**Supplied data:**

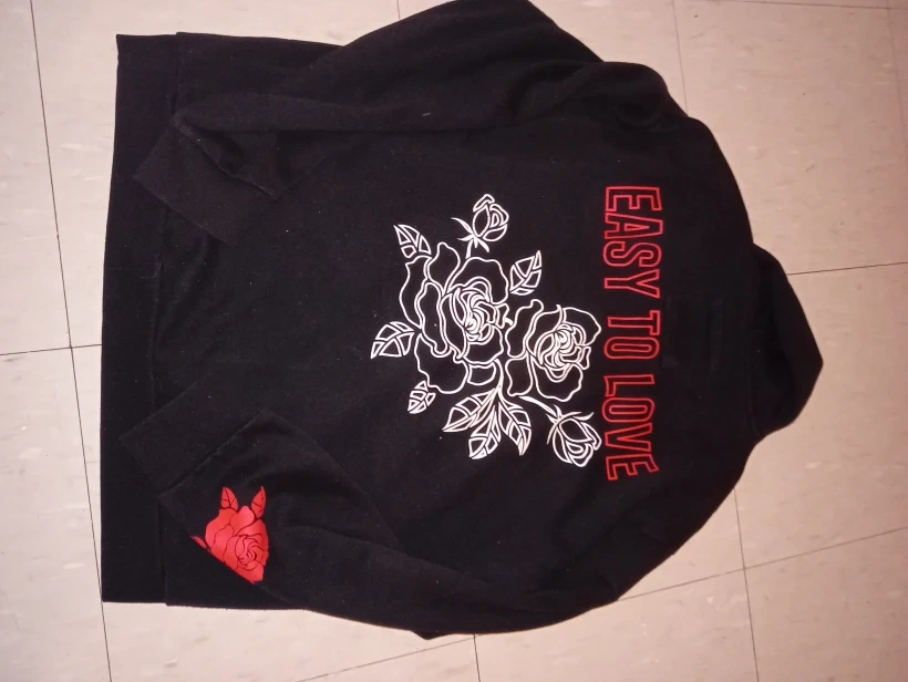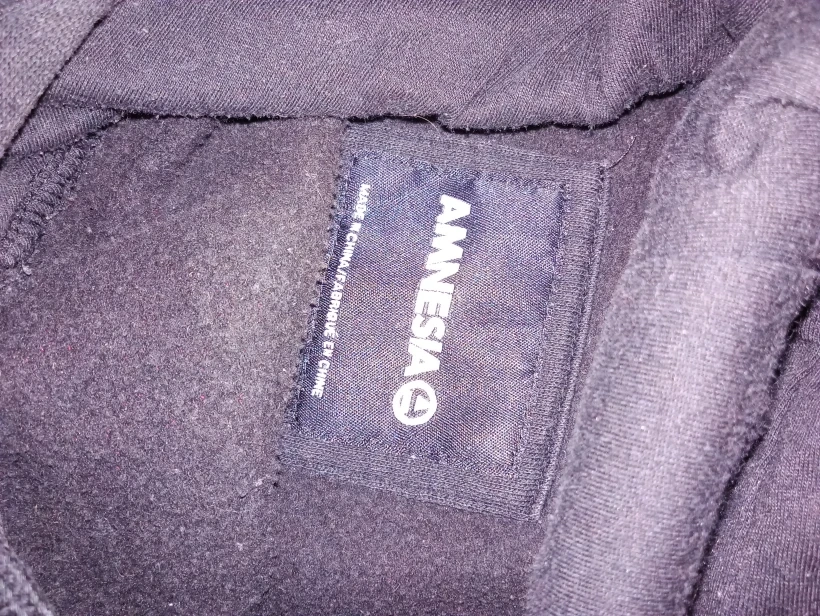 Selling a black Amnesia hoodie with a floral design. The hoodie features the words "Hard to Forget" on the front and "Easy to Love" on the back. It's in great condition and ready for a new owner!
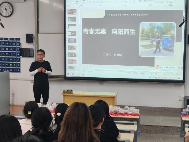 接着吕加军老师走进员工之间,以亲身经历讲述毒品带来的噩梦。同学们在那些故事里感受到了一个支离破碎的家庭,以及子欲养而亲不待的遗憾。吕老师用自己的坦诚勇敢的面对了自己的错误,让更多人看到吸毒的危害,告诫员工们要自觉抵制毒品,远离违法犯罪。鼓励员工们积极向家人、朋友宣传禁毒知识,共同营造无毒社会环境。
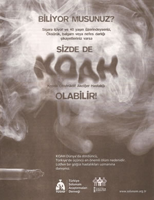 Dünya Sağlık Örgütü verilerine göre dünya genelinde 2000’li yıllarda en önemli 4. ölüm nedeni olarak saptanan ve 2020 yılında da 3. sıraya çıkacağı öngörülen ve dünyada 200-300 milyon, Türkiye'de 3-4 milyon hastayı ilgilendiren KOAH'a yönelik olarak Türkiye Solunum Araştırmaları Derneği'nin yaklaşık bir yıldır yürütme olduğu "Toplumda Farkındalığı Artırma" faaliyetleri çerçevesinde yeni bir medya kampanyası başlatmış bulunuyoruz. Bu kampanya döneminde, her haftasonu yüksek tirajlı bir gazetede 1/4 tamsayfa boyutunda bir duyuru yayınlanacak ve KOAH gerçeğine dikkat çekilmeye çalışılacaktır. Her yıl 40 binin üzerinde vatandaşımızın KOAH nedeni ile hayatını kaybettiği tahmin edilmektedir. Daha çok ileri yaşlarda (60 yaşından sonra) ortaya çıkan bu hastalığın Avrupa ve Amerika’ya göre belirgin şekilde daha genç bir nüfusa sahip olmasına rağmen Türkiye’de bu kadar ön planda olması ancak hastalar ve toplum tarafından çok seyrek görülen bazı hastalıklar kadar bilinmemesi son derece düşündürücüdür. Ölümlere yol açmasının yanı sıra tüm dünyada önemli bir sakat bırakma nedeni de olan KOAH'ın tedavi masrafları yönünden toplam sağlık bütçeleri içerisinde %4 gibi önemli bir yere sahip olduğu da unutulmamalıdır. Bu nedenle hastaların " Doğru tanı ve tedavi" olanağını sağlayabilecek merkezlere başvurmalarının sağlanması da sağlık ekonomisi açısından büyük önem taşımaktadır. Yürüttüğümüz projelerin önemli bir ayağını da bu hedefe yönelik çalışmalar oluşturmaktadır ve oluşturacaktır.

**Required work:** Write out the data exactly, and exclude every picture it holds.

**Task answer:**
 Selling a black Amnesia hoodie with a floral design. The hoodie features the words "Hard to Forget" on the front and "Easy to Love" on the back. It's in great condition and ready for a new owner!
 接着吕加军老师走进员工之间,以亲身经历讲述毒品带来的噩梦。同学们在那些故事里感受到了一个支离破碎的家庭,以及子欲养而亲不待的遗憾。吕老师用自己的坦诚勇敢的面对了自己的错误,让更多人看到吸毒的危害,告诫员工们要自觉抵制毒品,远离违法犯罪。鼓励员工们积极向家人、朋友宣传禁毒知识,共同营造无毒社会环境。
 Dünya Sağlık Örgütü verilerine göre dünya genelinde 2000’li yıllarda en önemli 4. ölüm nedeni olarak saptanan ve 2020 yılında da 3. sıraya çıkacağı öngörülen ve dünyada 200-300 milyon, Türkiye'de 3-4 milyon hastayı ilgilendiren KOAH'a yönelik olarak Türkiye Solunum Araştırmaları Derneği'nin yaklaşık bir yıldır yürütme olduğu "Toplumda Farkındalığı Artırma" faaliyetleri çerçevesinde yeni bir medya kampanyası başlatmış bulunuyoruz. Bu kampanya döneminde, her haftasonu yüksek tirajlı bir gazetede 1/4 tamsayfa boyutunda bir duyuru yayınlanacak ve KOAH gerçeğine dikkat çekilmeye çalışılacaktır. Her yıl 40 binin üzerinde vatandaşımızın KOAH nedeni ile hayatını kaybettiği tahmin edilmektedir. Daha çok ileri yaşlarda (60 yaşından sonra) ortaya çıkan bu hastalığın Avrupa ve Amerika’ya göre belirgin şekilde daha genç bir nüfusa sahip olmasına rağmen Türkiye’de bu kadar ön planda olması ancak hastalar ve toplum tarafından çok seyrek görülen bazı hastalıklar kadar bilinmemesi son derece düşündürücüdür. Ölümlere yol açmasının yanı sıra tüm dünyada önemli bir sakat bırakma nedeni de olan KOAH'ın tedavi masrafları yönünden toplam sağlık bütçeleri içerisinde %4 gibi önemli bir yere sahip olduğu da unutulmamalıdır. Bu nedenle hastaların " Doğru tanı ve tedavi" olanağını sağlayabilecek merkezlere başvurmalarının sağlanması da sağlık ekonomisi açısından büyük önem taşımaktadır. Yürüttüğümüz projelerin önemli bir ayağını da bu hedefe yönelik çalışmalar oluşturmaktadır ve oluşturacaktır.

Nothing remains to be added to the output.